═════ DATA EXTRACTS ═════

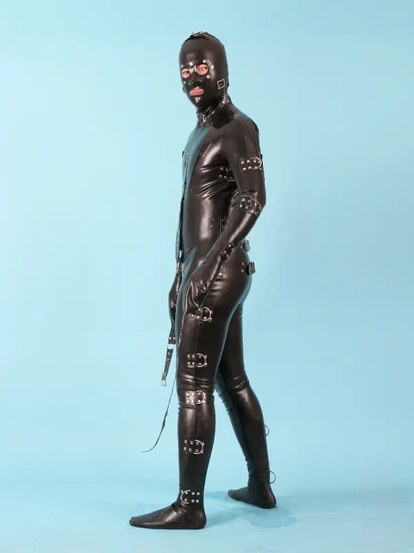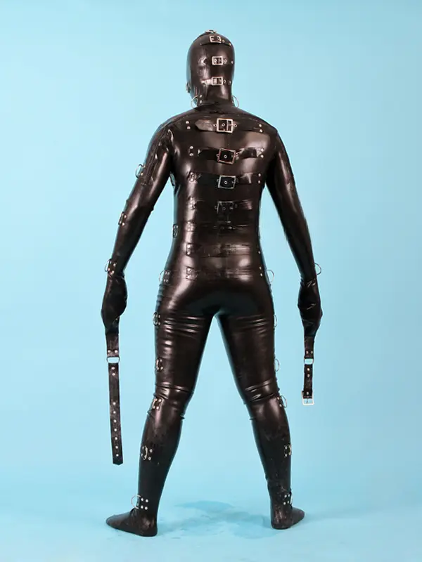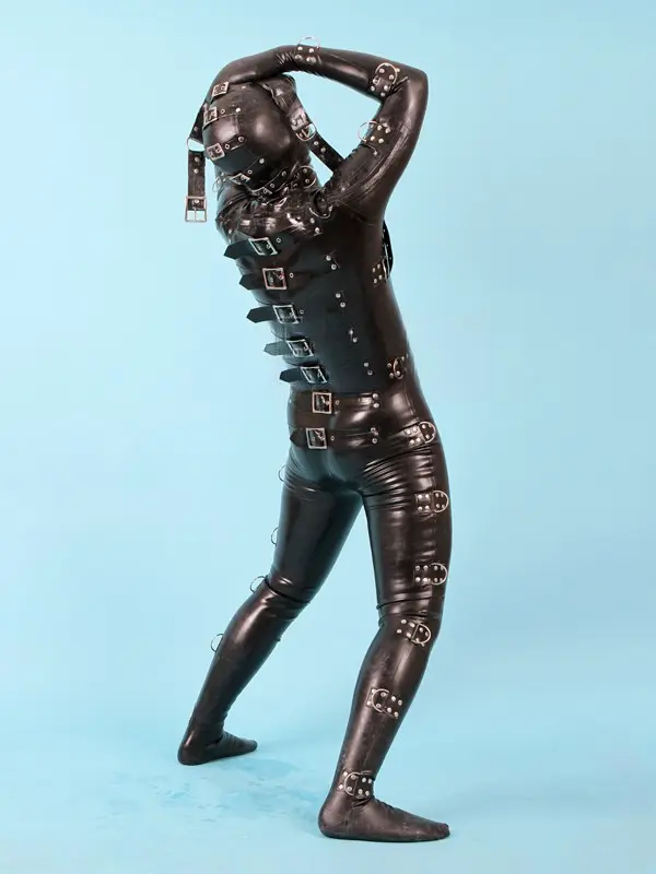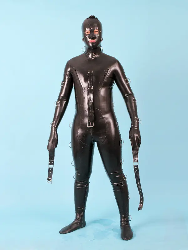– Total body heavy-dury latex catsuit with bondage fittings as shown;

═════
═════ DATA EXTRACTS ═════

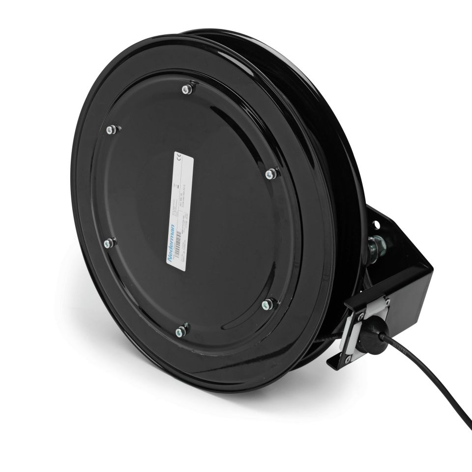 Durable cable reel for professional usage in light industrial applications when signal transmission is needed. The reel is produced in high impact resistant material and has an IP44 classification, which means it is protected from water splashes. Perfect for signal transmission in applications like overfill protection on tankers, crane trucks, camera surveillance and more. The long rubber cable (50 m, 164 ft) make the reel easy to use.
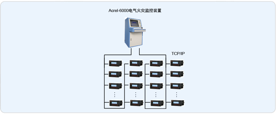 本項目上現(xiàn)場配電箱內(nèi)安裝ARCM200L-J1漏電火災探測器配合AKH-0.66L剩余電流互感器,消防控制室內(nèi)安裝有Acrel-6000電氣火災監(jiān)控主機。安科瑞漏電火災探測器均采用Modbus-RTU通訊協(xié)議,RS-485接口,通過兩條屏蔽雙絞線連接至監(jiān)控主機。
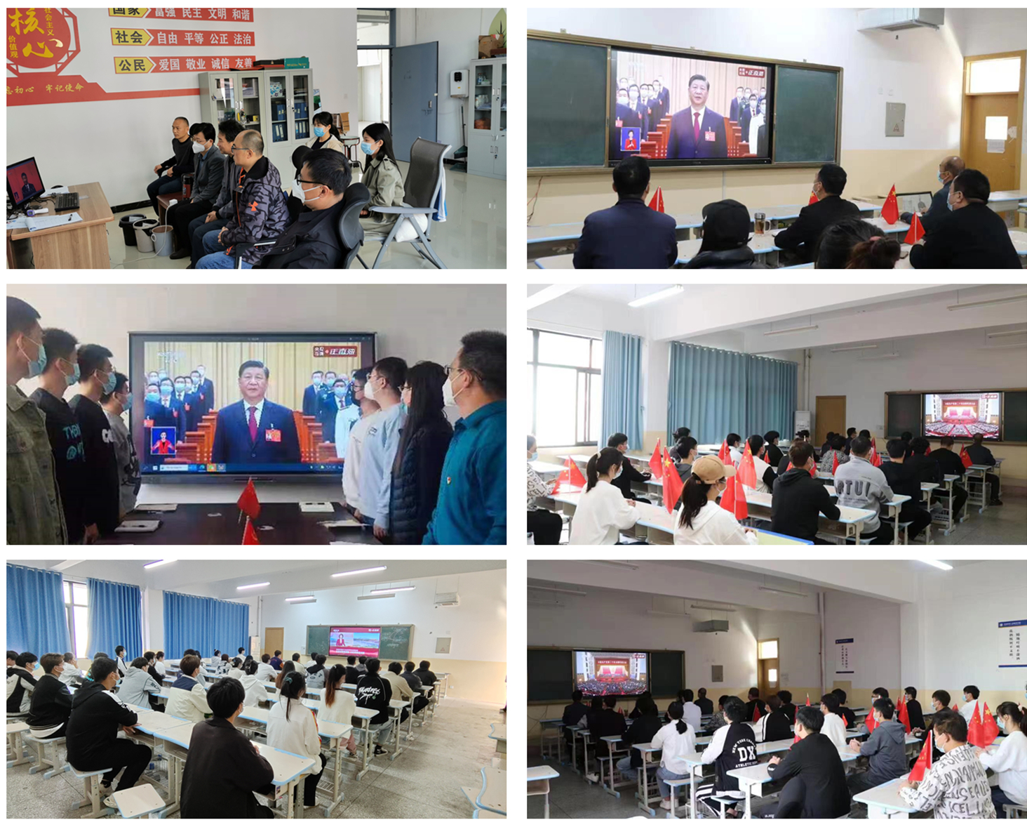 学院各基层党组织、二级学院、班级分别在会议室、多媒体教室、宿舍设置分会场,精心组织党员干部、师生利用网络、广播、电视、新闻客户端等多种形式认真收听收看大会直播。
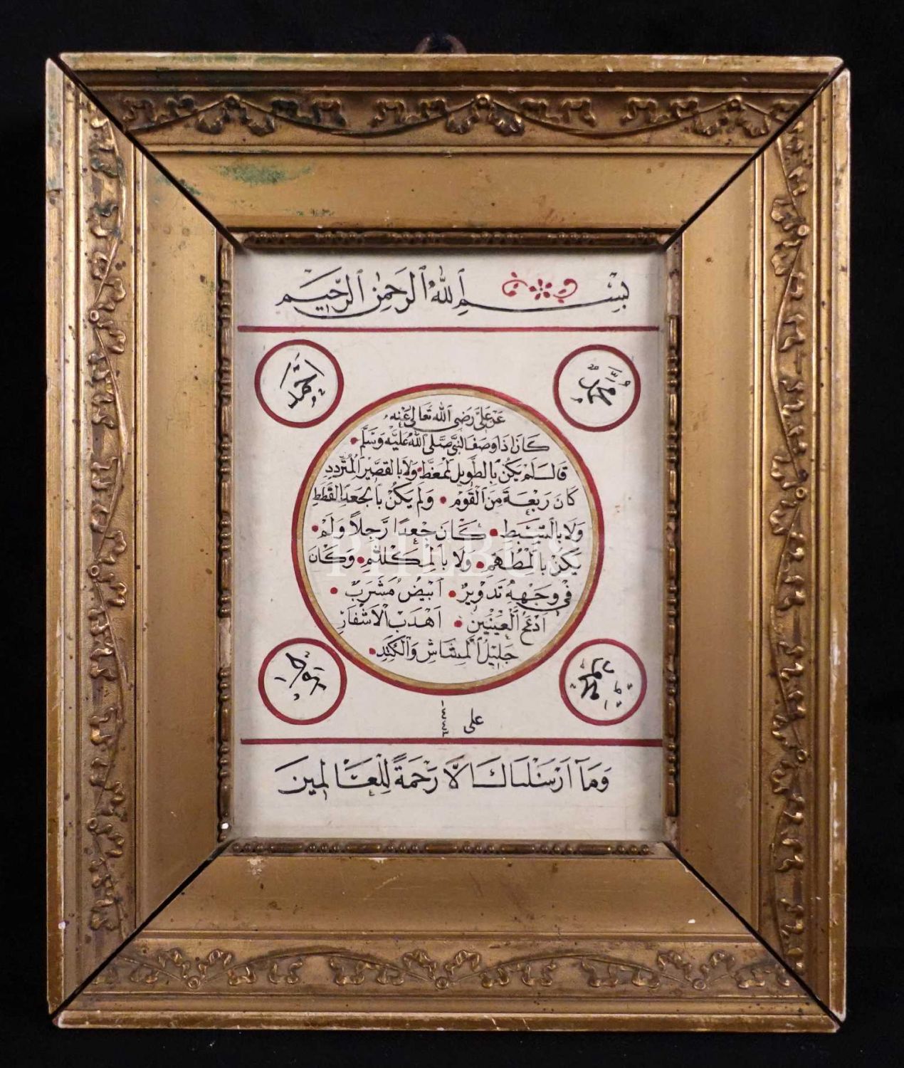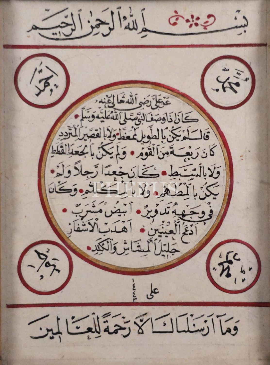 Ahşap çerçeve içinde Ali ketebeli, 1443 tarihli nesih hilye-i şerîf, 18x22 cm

═════

WHAT THIS TASK INVOLVES: Everything above from the line that has "学院各基层党组织、二级学院、" down to the line that has "Ahşap çerçeve içinde" should be output exactly, with both of those lines included. Leave the pictures behind.

YOUR RESPONSE:
 学院各基层党组织、二级学院、班级分别在会议室、多媒体教室、宿舍设置分会场,精心组织党员干部、师生利用网络、广播、电视、新闻客户端等多种形式认真收听收看大会直播。
 Ahşap çerçeve içinde Ali ketebeli, 1443 tarihli nesih hilye-i şerîf, 18x22 cm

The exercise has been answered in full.